One night, I became very sick and my parents took me to the hospital. (I believe now that they
knew I was pregnant since they took me to a different hospital than normal.) The emergency
room doctor discovered that, along with a very bad case of the flu, I was 19 weeks pregnant.

My father flew into a rage, accusing me of all sorts of things, and demanding I have an abortion.
The doctor informed me that I was pregnant and asked me what I wanted. I had seen the "Silent
Scream" in high school religion class and knew that abortion was murder. In spite of the pain and
guilt I felt, knowing who the father of the baby was, it was far better to have a baby than the
alternative - to kill it. I refused to have an abortion.

My father flew into an uncontrollable rage and demanded that I consent to the abortion, or that
the doctor do it with or without my permission. The doctor refused because of my wishes. My
father demanded that an abortionist be found - regardless of the cost.

Within one hour, this man arrived at the hospital, talked with my parents and decided to do the
abortion, without speaking to me. I refused and tried to get off the examining table. He then
asked three nurses to hold me while he strapped me to the bed and injected me with a muscle
relaxant to keep me from struggling while he prepared to kill my baby. I continued to scream that
I didn't want an abortion. He told me, "Shut up and quit that yelling!" Eventually, I was placed
under general anesthesia and my child was brutally killed.

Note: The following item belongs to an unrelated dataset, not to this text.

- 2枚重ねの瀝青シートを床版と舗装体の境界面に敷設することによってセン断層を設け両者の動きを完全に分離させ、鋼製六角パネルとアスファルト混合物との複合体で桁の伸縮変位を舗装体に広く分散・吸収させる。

I was told that an abortion would solve my problem, when it was never really the problem in the
first place.

I was told, "Your parents know what's best," when they obviously were only concerned about
their own reputations.

I was told, "You make the right decision," when I was never given a choice. More importantly,
where was my baby's choice?

I grieve every day for my daughter. I have struggled to forget the abuse and the abortion. I can
do neither. All I think of is, "I should have done more, fought more, struggled more for the life of
my child."

My situation may not be common, but I know it's not unique either. The emotions and problems
I've had to deal with as a result of my abortion are common. The trauma of the rape and abuse
were only intensified by the abortion. The guilt of knowing my baby is dead is something I will
have to live with for the rest of my life.

I was violated and betrayed over and over by my father, who God created to love and protect me.
I was humiliated, hurt, and yes, violated again by the abortionist.

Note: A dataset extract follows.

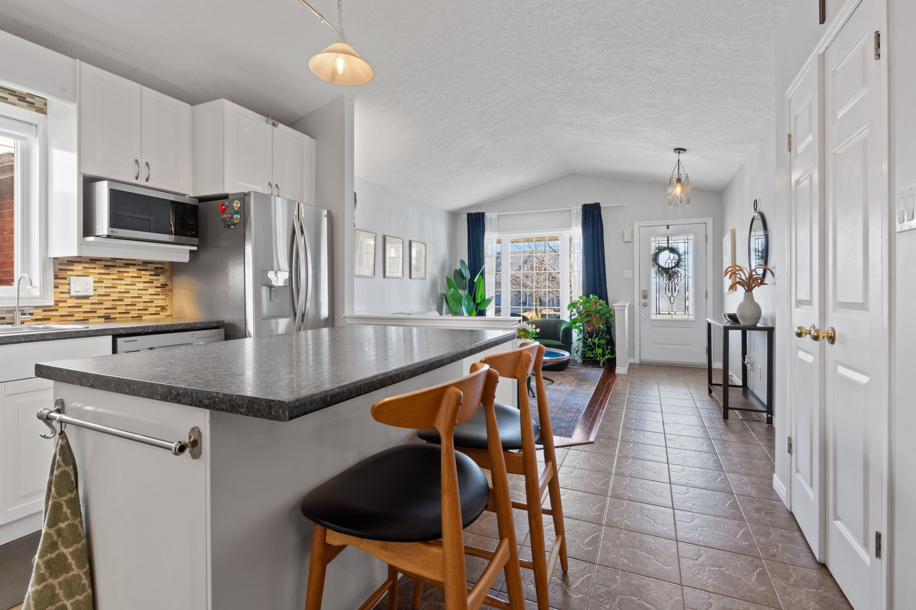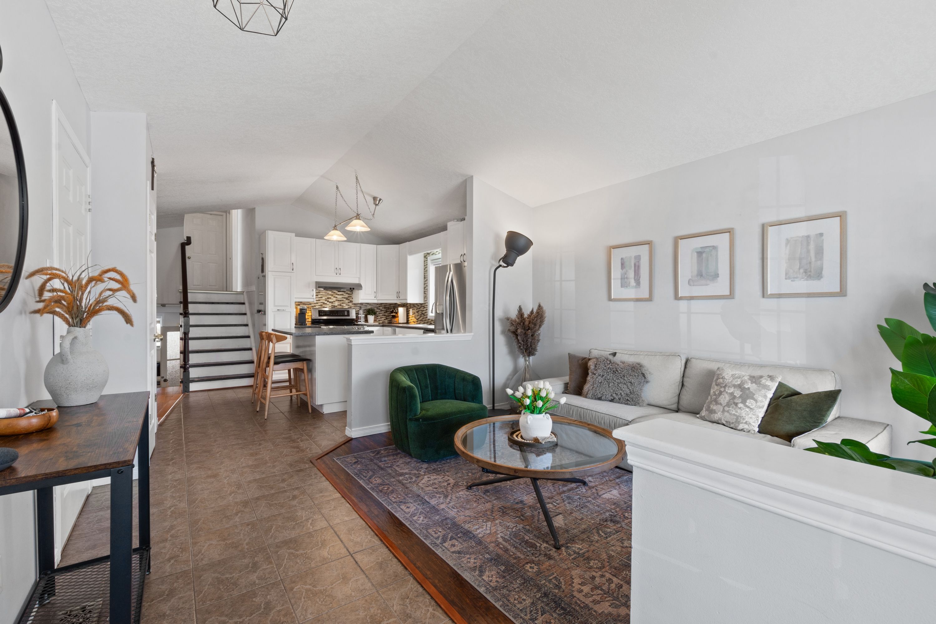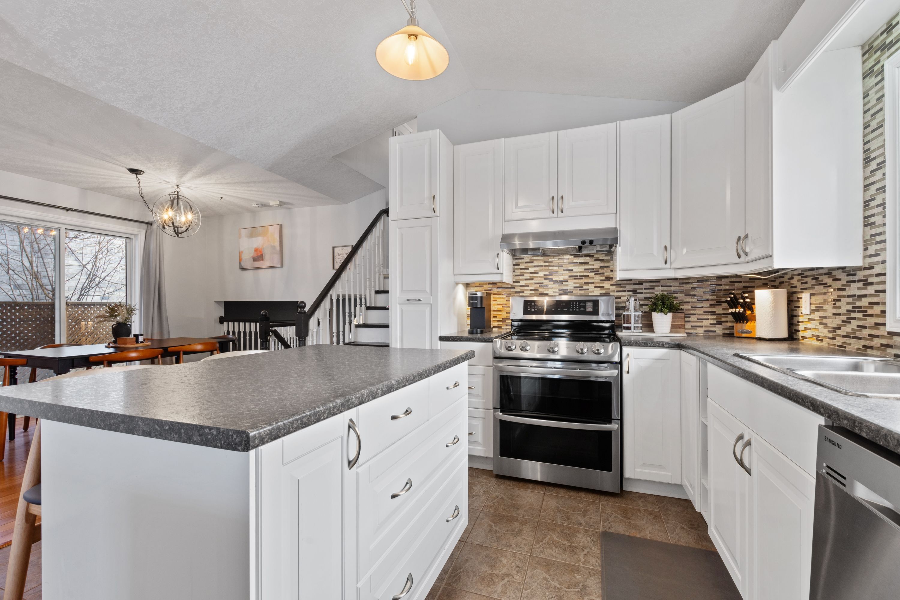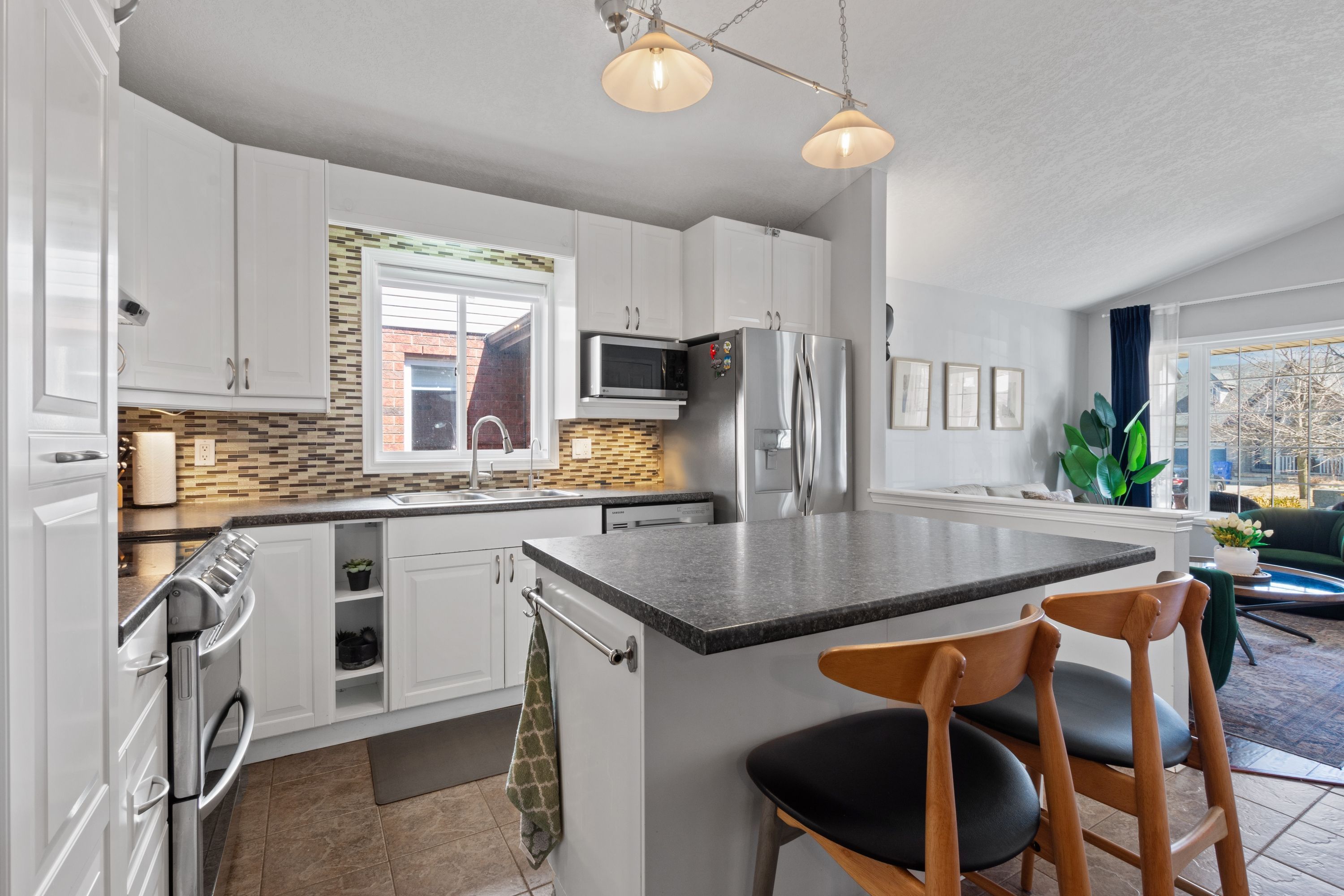 • Bright living room and airy kitchen with stainless steel appliances.

Why do even pro-lifers talk about making exceptions for abortion in cases of rape and incest as if
that is a way to have "compassion" for the mother? Why is this the only "loving" response to the
situation? I have talked with pro-lifers who consider my abortion acceptable, under the
circumstances. I want to tell people, "If you really want to be compassionate, give this mother
the opportunity to choose life for her child. If you really love the mothers who have been
victimized, don't let them be exploited again by someone who will make a profit from their dead
child -- a memory that will haunt them for the rest of their lives."

The next time you hear of the "hard cases," please remind people that every crisis pregnancy is
difficult for the mother. If you believe these cases are hard, you're correct -- they are extremely
hard for the mother. But if you choose abortion, it's an impossiblesituation for the baby. The
mom needs love, support and understanding, not the pain of allowing herself to be violated again
in order to kill her child. Regardless of the circumstances, regardless of the pain involved, that
helpless, innocent child has no voice, no defense, and no chance, unless we offer real love and
real compassion to the mother.

My abortion was over five years ago. God is still healing me, but it has been a difficult fight. I
hesitated to write to you because, although I'm actively pro-life, very few people know my story.
It's still very difficult to share with people, however, I wanted to encourage you in your
uncompromising stand for life.

"He heals the brokenhearted and binds up their wounds." (Psalm 147:3) God bless you.